__Information given__.
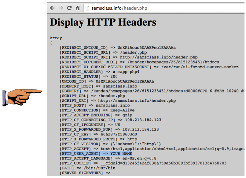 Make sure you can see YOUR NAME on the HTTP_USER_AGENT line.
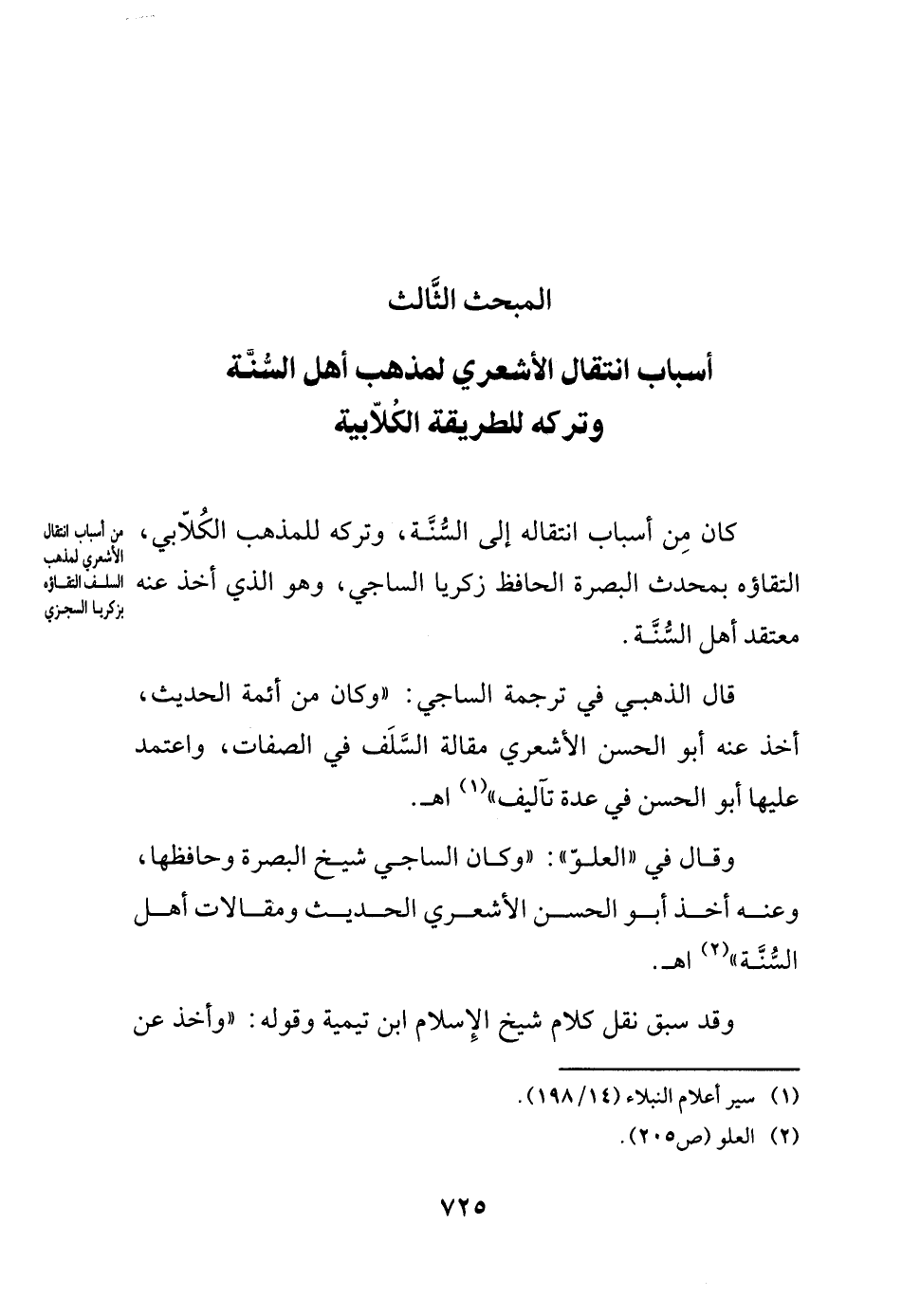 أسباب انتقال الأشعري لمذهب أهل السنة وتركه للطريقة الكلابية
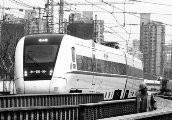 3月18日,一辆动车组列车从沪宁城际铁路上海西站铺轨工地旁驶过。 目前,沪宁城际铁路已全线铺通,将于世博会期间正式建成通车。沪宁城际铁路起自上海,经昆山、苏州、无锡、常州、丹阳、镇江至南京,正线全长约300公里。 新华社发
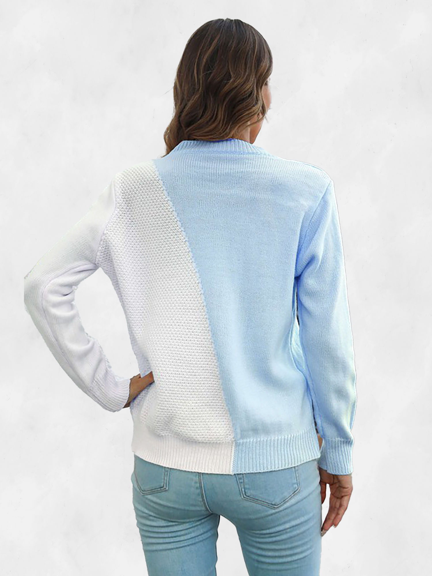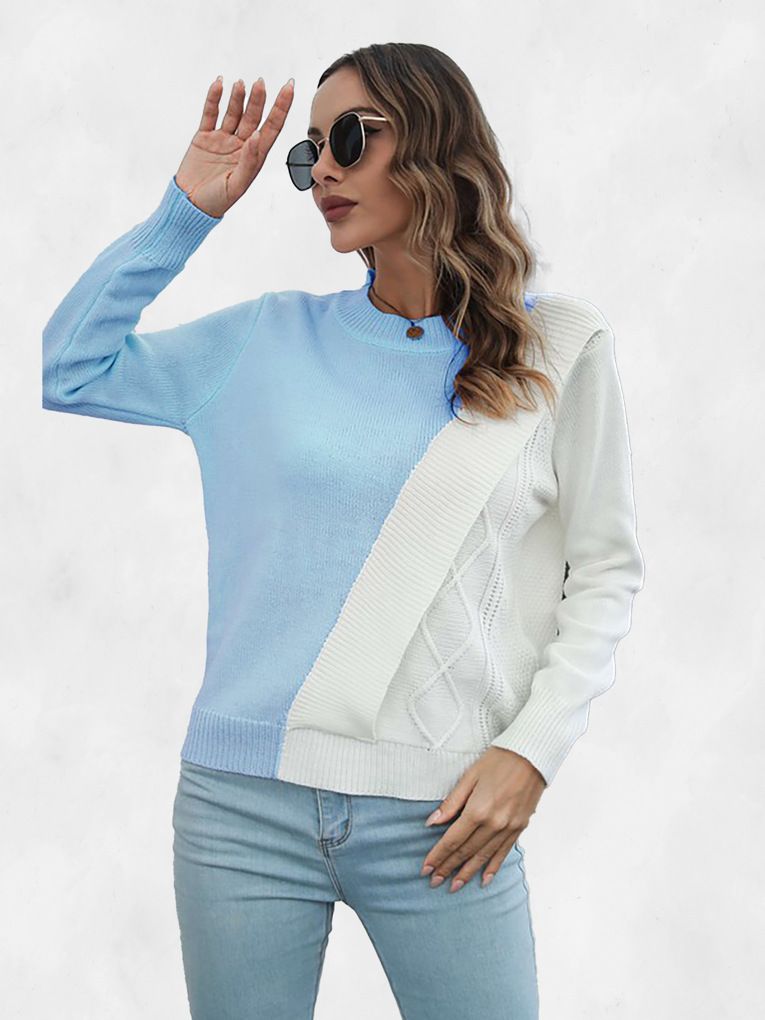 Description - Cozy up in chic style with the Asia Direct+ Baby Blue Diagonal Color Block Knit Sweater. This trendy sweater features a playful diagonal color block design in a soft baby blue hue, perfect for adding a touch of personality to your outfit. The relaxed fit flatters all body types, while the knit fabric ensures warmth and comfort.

---

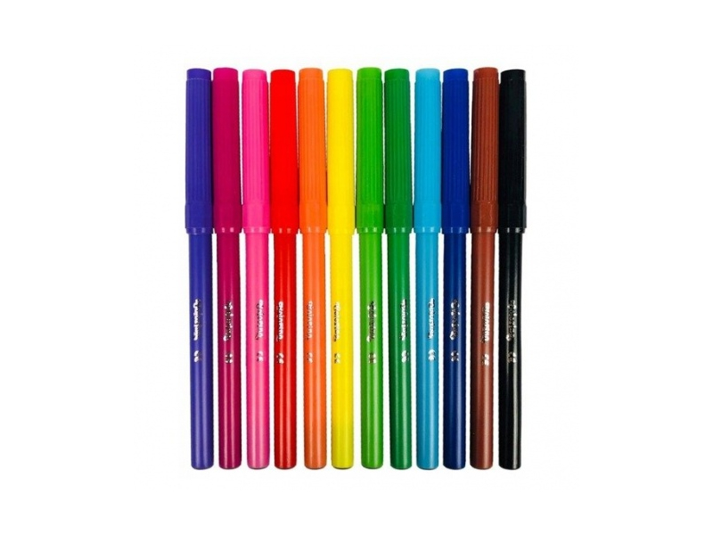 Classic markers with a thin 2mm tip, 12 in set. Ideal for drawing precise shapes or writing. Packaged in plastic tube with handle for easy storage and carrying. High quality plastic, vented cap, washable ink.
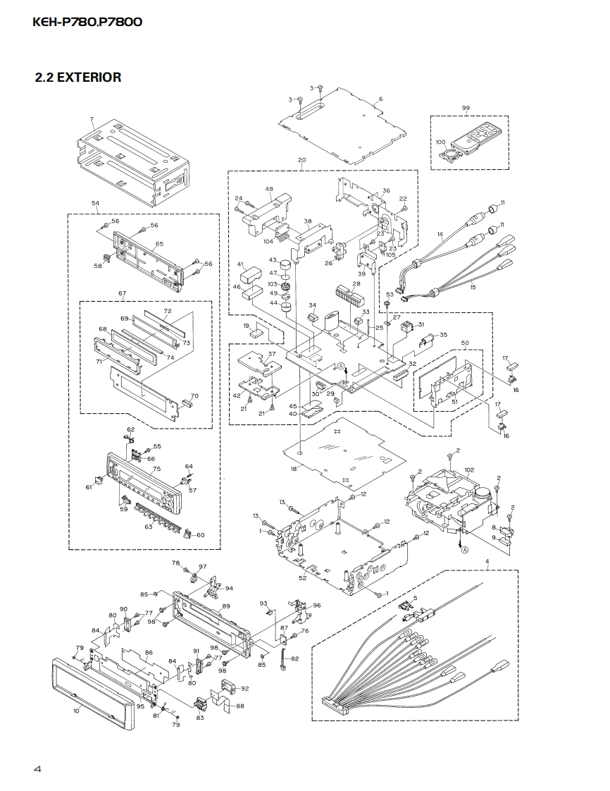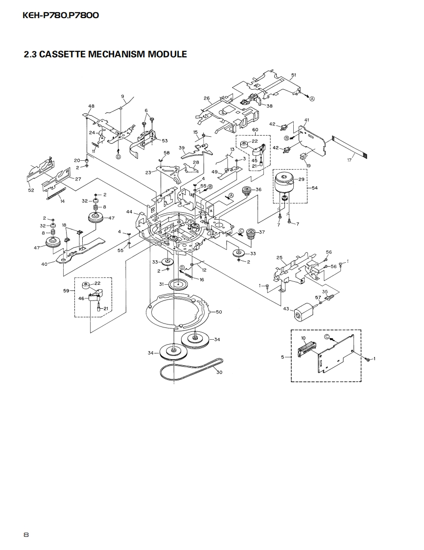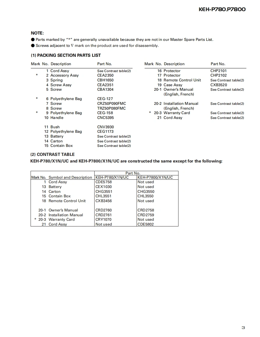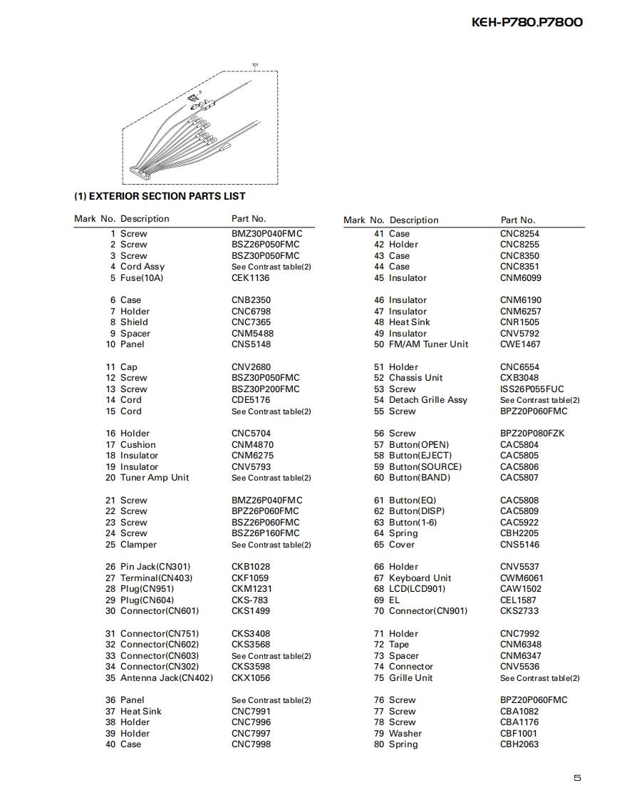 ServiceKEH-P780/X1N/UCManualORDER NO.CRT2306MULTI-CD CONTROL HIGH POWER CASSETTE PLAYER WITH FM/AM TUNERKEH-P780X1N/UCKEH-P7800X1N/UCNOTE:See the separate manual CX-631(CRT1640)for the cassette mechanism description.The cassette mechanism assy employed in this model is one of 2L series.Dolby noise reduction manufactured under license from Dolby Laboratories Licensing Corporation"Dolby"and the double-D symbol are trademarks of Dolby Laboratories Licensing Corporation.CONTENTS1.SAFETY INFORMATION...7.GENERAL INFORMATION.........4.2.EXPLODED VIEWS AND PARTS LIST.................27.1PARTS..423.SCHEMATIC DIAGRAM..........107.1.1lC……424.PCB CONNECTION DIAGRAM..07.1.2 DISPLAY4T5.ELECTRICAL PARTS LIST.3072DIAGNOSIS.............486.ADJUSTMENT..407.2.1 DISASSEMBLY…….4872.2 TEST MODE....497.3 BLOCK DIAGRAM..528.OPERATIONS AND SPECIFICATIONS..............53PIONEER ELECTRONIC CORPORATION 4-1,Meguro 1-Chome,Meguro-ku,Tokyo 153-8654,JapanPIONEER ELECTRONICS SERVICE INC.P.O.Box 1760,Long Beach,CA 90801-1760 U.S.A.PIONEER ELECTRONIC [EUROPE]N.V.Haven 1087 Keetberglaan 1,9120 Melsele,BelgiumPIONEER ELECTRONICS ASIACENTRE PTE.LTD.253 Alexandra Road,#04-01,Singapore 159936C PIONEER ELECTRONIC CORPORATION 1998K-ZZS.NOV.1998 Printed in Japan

==

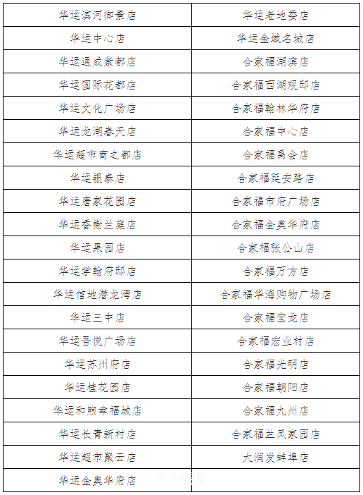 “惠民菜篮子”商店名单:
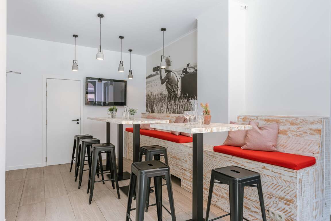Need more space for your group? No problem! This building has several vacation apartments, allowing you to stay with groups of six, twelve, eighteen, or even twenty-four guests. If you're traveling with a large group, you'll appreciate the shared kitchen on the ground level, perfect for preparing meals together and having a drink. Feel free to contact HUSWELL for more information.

__Work task__. Copy the lines above exactly, starting at the one with "Make sure you" and ending at the one with "Description - Cozy", both included. Leave out any pictures and add nothing else.

__Solved exercise__.
 Make sure you can see YOUR NAME on the HTTP_USER_AGENT line.
 أسباب انتقال الأشعري لمذهب أهل السنة وتركه للطريقة الكلابية
 3月18日,一辆动车组列车从沪宁城际铁路上海西站铺轨工地旁驶过。 目前,沪宁城际铁路已全线铺通,将于世博会期间正式建成通车。沪宁城际铁路起自上海,经昆山、苏州、无锡、常州、丹阳、镇江至南京,正线全长约300公里。 新华社发
 Description - Cozy up in chic style with the Asia Direct+ Baby Blue Diagonal Color Block Knit Sweater. This trendy sweater features a playful diagonal color block design in a soft baby blue hue, perfect for adding a touch of personality to your outfit. The relaxed fit flatters all body types, while the knit fabric ensures warmth and comfort.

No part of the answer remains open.